Most efficient way to generate a diff

https://dba.stackexchange.com/questions/111223

29-09-2020
|

Question

I have a table in SQL server that looks like this:

Id    |Version  |Name    |date    |fieldA   |fieldB ..|fieldZ
1     |1        |Foo     |20120101|23       |       ..|25334123
2     |2        |Foo     |20120101|23       |NULL   ..|NULL
3     |2        |Bar     |20120303|24       |123......|NULL
4     |2        |Bee     |20120303|34       |-34......|NULL

I am working on a stored procedure to diff, that takes input data and a version number. The input data has columns from Name uptil fieldZ. Most of the field columns are expected to be NULL, i.e., each row usually has data for only the first few fields, the rest are NULL. The name, date and version form a unique constraint on the table.

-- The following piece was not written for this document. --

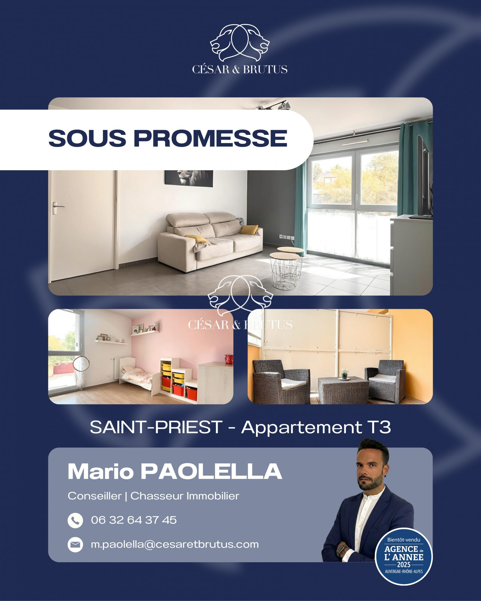 Exclusivité – ST PRIEST (La Fouillouse) – Appartement T3 (63 m2) – Parking
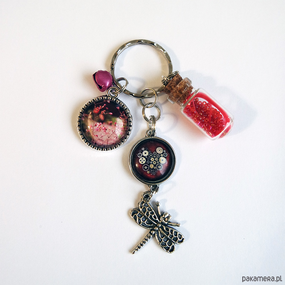 Niezwykły brelok z naszymi autorskimi grafikami, szklaną fiolką, mini dzwoneczkiem oraz zawieszką.

I need to diff the data that is input with respect to this table, for a given version. Each row needs to be diffed - a row is identified by the name, date and version, and any change in any of the values in the field columns will need to show in the diff.

Update: all the fields need not be of type decimal. Some of them may be nvarchars. I would prefer the diff to happen without converting the type, although the diff output could convert everything to nvarchar since it is to be used only for display purposed.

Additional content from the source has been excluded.